- Collection entries:
----------------------------------------

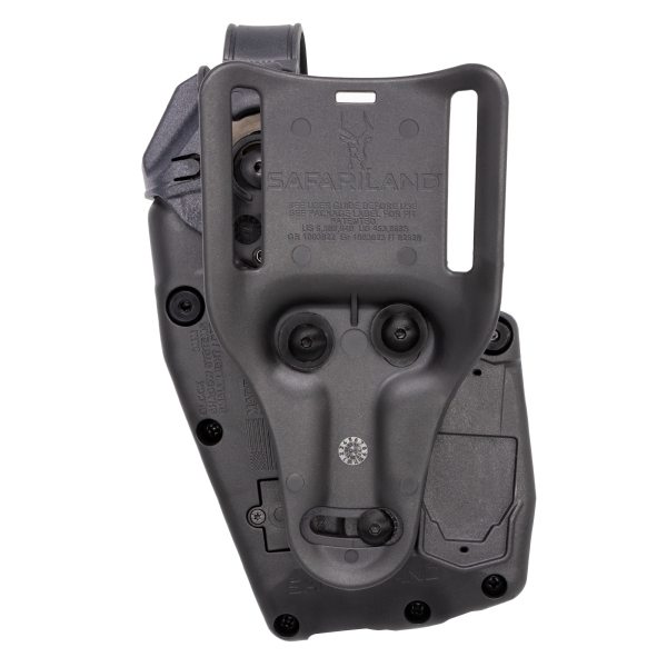 SafariVault’s improved ALS™ design reduces flex and increases crush resistance. Internal locking components protect the security devices from impact and the elements. SafariVault’s all-new self-clearing optic cover accommodates closed and open emitter pistol optics. The new trigger guard stabilization mechanism prevents movement of the weapon within the holster. SafariVault’s open muzzle design provides clearance for threaded barrels or compensators and allows debris or brass to pass through.
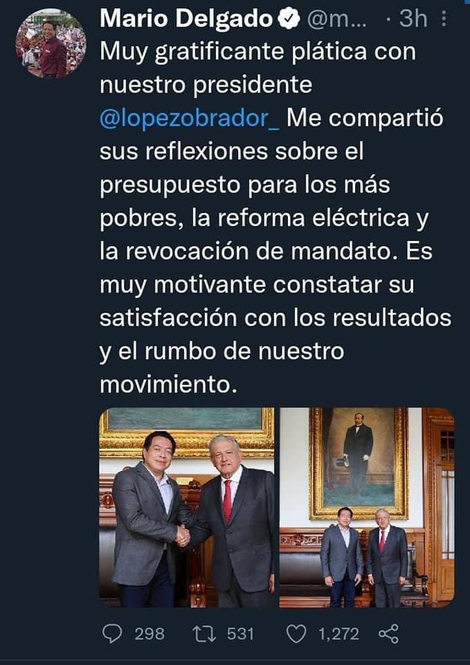 “Muy gratificante plática con nuestro presidente López Obrador. Me compartió sus reflexiones sobre el presupuesto para los más pobres, la reforma eléctrica y la revocación de mandato. Es muy motivante constatar su satisfacción con los resultados y el rumbo de nuestro movimiento”, dice el tuit de Mario Delgado.
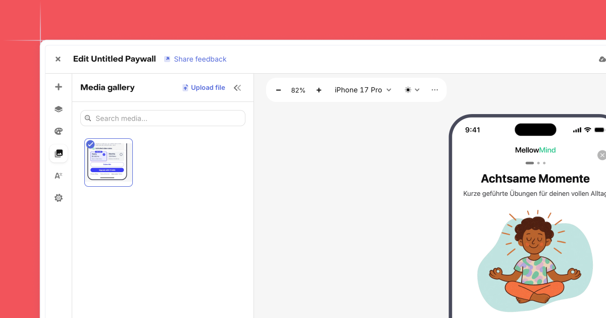 This keeps projects organized and reduces duplication, which matters when you’re running multiple paywalls or campaigns that share visuals. The Media gallery helps you move faster, stay consistent, and keep asset management simple as paywall work scales.
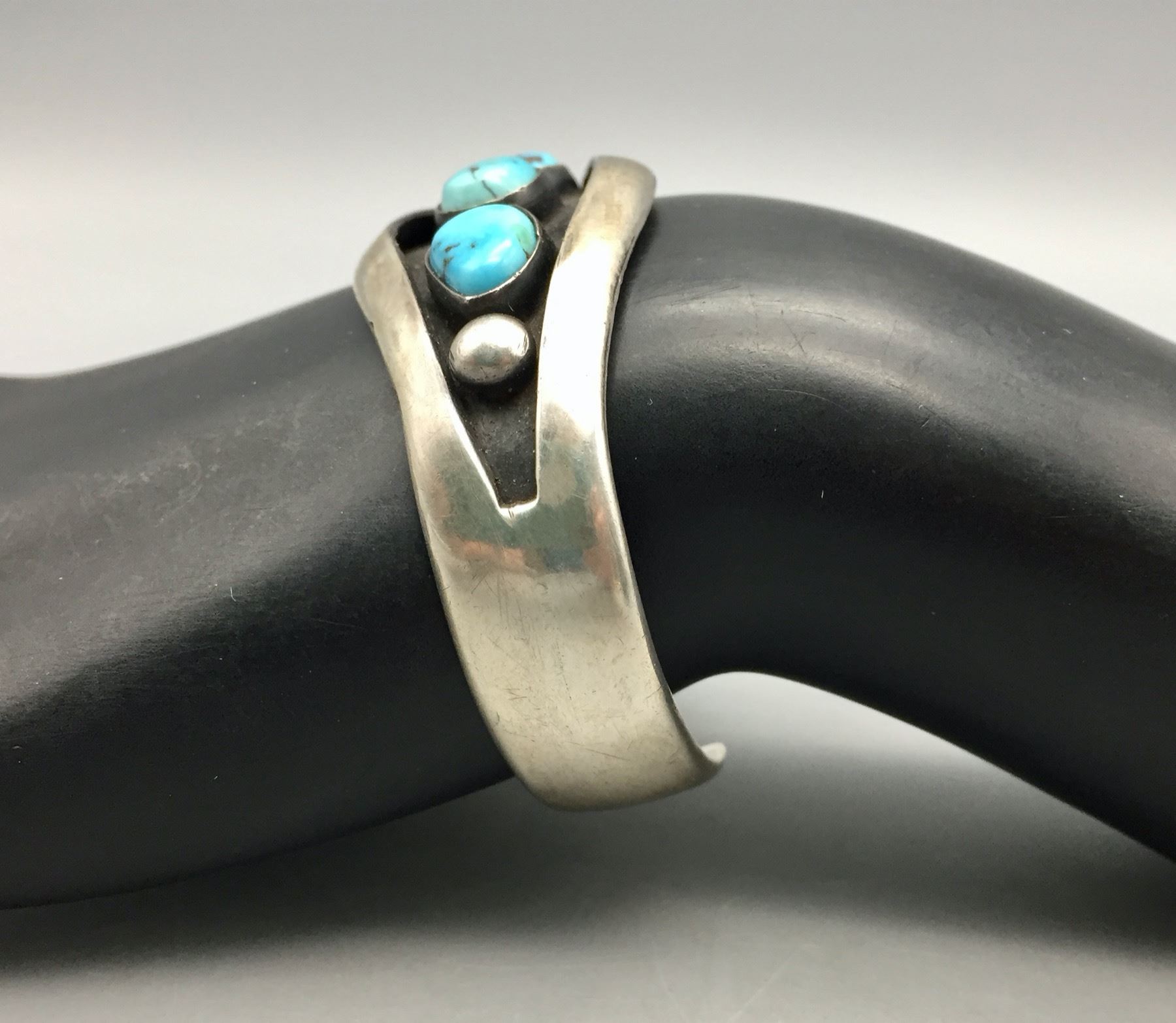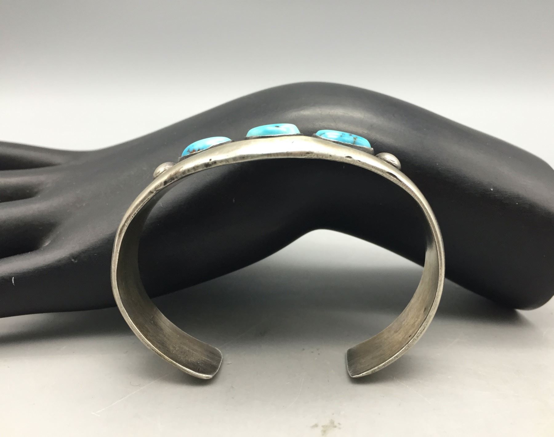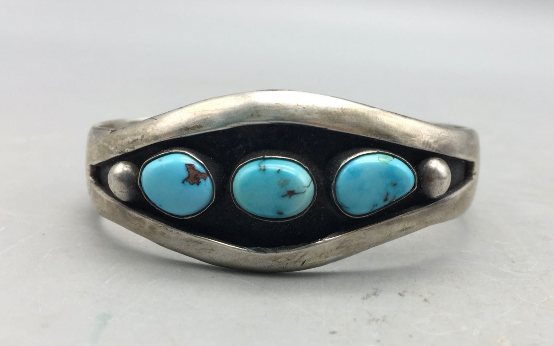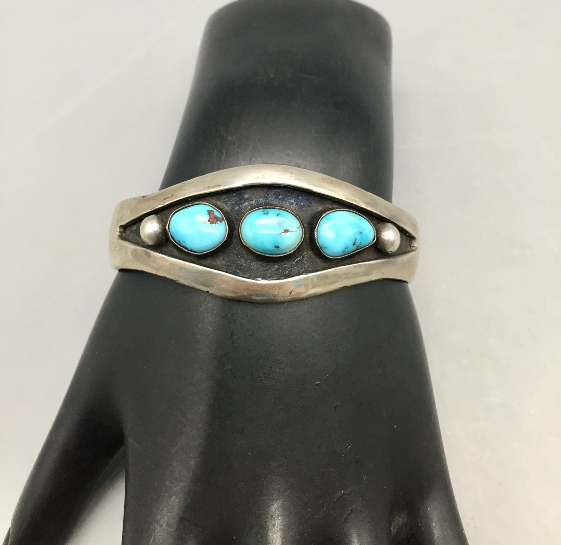 Description: Presented for sale in this lot is a beautiful three turquoise stone bracelet with a shadowbox like design. It is a well made sterling silver bracelet. Maker: Unknown. Approx. Age: Vintage. Size: Inside circumference measures 5-3/8†long. Opening is additional 1â€, fitting a 6-3/8â€. Width is 1â€. Weighs 32.4 grams. Condition: Good for its age, normal wear expected. Please look closely at the pictures - they are an important part of our description. Shipping: There will be a $5 handling / packaging fee for shipping this lot. The actual cost of postage will be added on top of that.
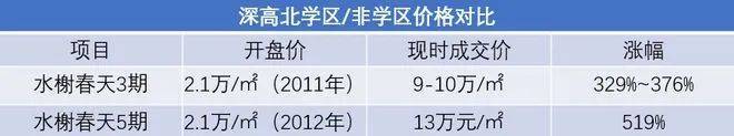 深高北学区/非学区价格对比示意图
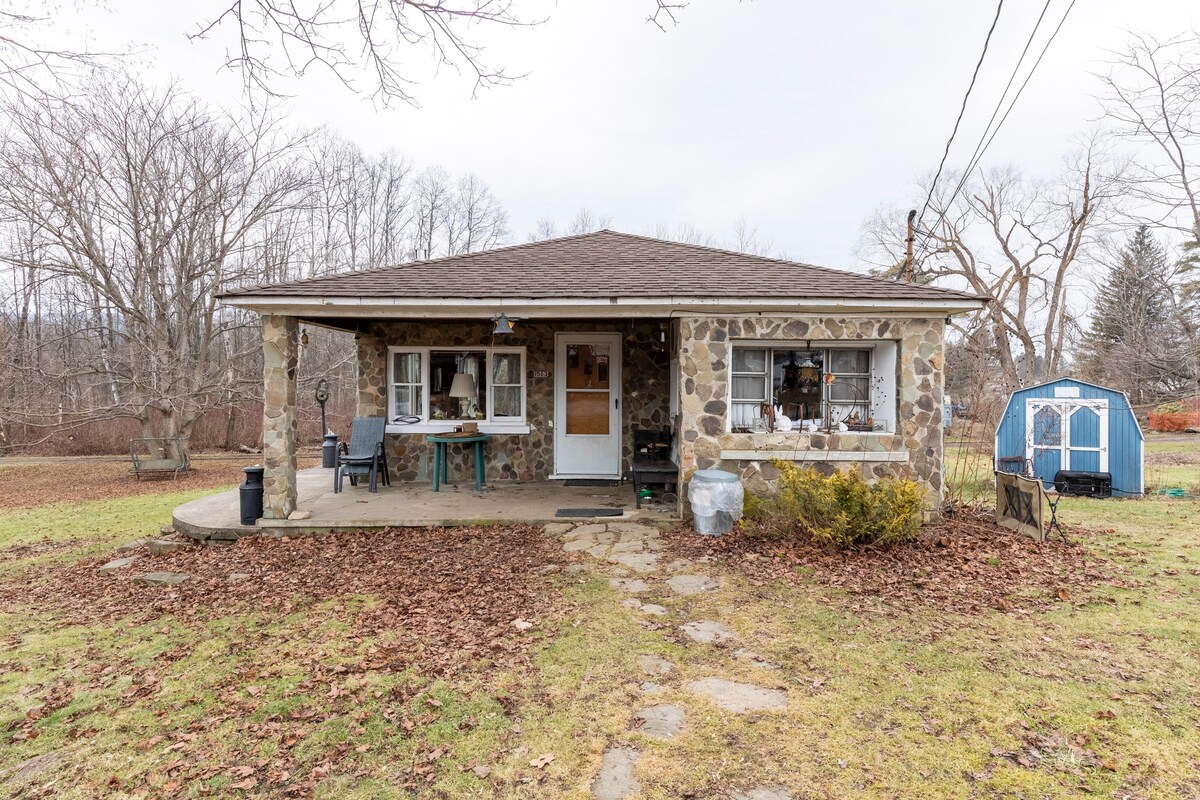 The perfect spot to relax, read, write meditate. View birds, wildlife in an old forest along the Allegany River from the porch, deck or large picture windows. Take a walk. (fast Wi Fi, 32 inch TV and echo dot) Families and dog owners will like the large yard (no fence, warning ticks and Lyme disease in the area). My grandmother designed the cottage around a vintage house trailer (tiny house)1956. There are many unique and cleaver features. Family mementos through history are on display.

----------------------------------------

- Work to be completed: Output exactly, and only, the lines running from the line containing "Description: Presented for" to the last line of the entries above, omitting the pictures.

- Response for this exercise:
 Description: Presented for sale in this lot is a beautiful three turquoise stone bracelet with a shadowbox like design. It is a well made sterling silver bracelet. Maker: Unknown. Approx. Age: Vintage. Size: Inside circumference measures 5-3/8†long. Opening is additional 1â€, fitting a 6-3/8â€. Width is 1â€. Weighs 32.4 grams. Condition: Good for its age, normal wear expected. Please look closely at the pictures - they are an important part of our description. Shipping: There will be a $5 handling / packaging fee for shipping this lot. The actual cost of postage will be added on top of that.
 深高北学区/非学区价格对比示意图
 The perfect spot to relax, read, write meditate. View birds, wildlife in an old forest along the Allegany River from the porch, deck or large picture windows. Take a walk. (fast Wi Fi, 32 inch TV and echo dot) Families and dog owners will like the large yard (no fence, warning ticks and Lyme disease in the area). My grandmother designed the cottage around a vintage house trailer (tiny house)1956. There are many unique and cleaver features. Family mementos through history are on display.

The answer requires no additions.